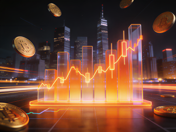 赛博朋克风3D图表,霓虹光影交织,金属比特币悬浮飞舞,未来感十足的虚拟现实金融场景。
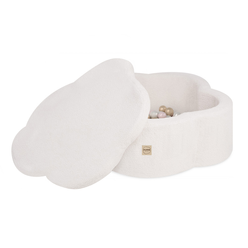 PLUSH NEST Suchy basen kwiatek z matą, 95x30 cm, kremowy baranek (+ 200 piłek złote, perłowe, jasnoróżowe perłowe), Floral Fun Zone
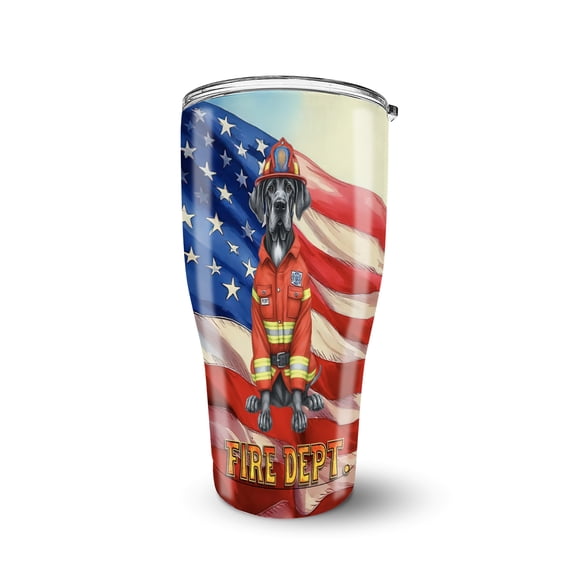 Firefighter Great Dane Hero Rescue Fire Dept Fireman USA Flag 30oz Stainless Steel Tumbler Insulated Cup with Lid Danes Dog Lover Gifts - 02026 From $21.99

### Exercise prompt
Reproduce verbatim the lines of the material above, beginning with its first line and ending with the line that contains "PLUSH NEST Suchy"; skip pictures.

### Exercise solution
 赛博朋克风3D图表,霓虹光影交织,金属比特币悬浮飞舞,未来感十足的虚拟现实金融场景。
 PLUSH NEST Suchy basen kwiatek z matą, 95x30 cm, kremowy baranek (+ 200 piłek złote, perłowe, jasnoróżowe perłowe), Floral Fun Zone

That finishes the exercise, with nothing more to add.